__The problem__: Return the full listing unchanged, apart from leaving out its images.

__Given information__:
+--
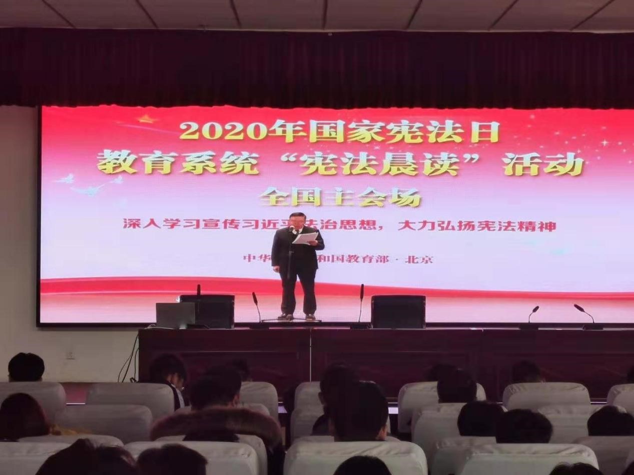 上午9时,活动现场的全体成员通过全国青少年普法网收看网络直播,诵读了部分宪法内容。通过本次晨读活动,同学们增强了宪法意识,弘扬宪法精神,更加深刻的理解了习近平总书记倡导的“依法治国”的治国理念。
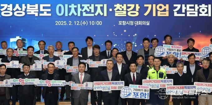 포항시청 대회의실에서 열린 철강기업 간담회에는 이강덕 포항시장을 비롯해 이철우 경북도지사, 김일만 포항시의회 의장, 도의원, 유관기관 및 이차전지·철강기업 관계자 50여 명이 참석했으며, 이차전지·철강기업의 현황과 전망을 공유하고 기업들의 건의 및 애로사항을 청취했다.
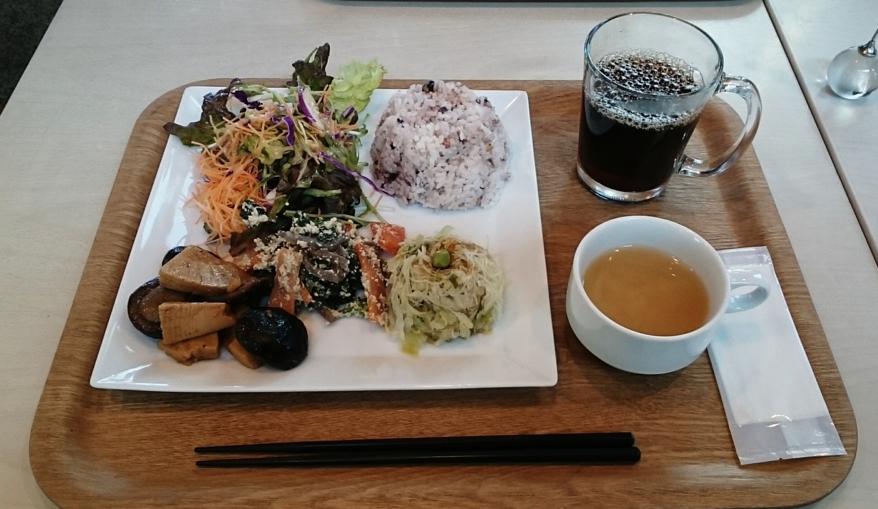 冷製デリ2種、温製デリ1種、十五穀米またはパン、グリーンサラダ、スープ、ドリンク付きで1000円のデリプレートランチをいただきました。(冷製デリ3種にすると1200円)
+--
__Finished task__:
 上午9时,活动现场的全体成员通过全国青少年普法网收看网络直播,诵读了部分宪法内容。通过本次晨读活动,同学们增强了宪法意识,弘扬宪法精神,更加深刻的理解了习近平总书记倡导的“依法治国”的治国理念。
 포항시청 대회의실에서 열린 철강기업 간담회에는 이강덕 포항시장을 비롯해 이철우 경북도지사, 김일만 포항시의회 의장, 도의원, 유관기관 및 이차전지·철강기업 관계자 50여 명이 참석했으며, 이차전지·철강기업의 현황과 전망을 공유하고 기업들의 건의 및 애로사항을 청취했다.
 冷製デリ2種、温製デリ1種、十五穀米またはパン、グリーンサラダ、スープ、ドリンク付きで1000円のデリプレートランチをいただきました。(冷製デリ3種にすると1200円)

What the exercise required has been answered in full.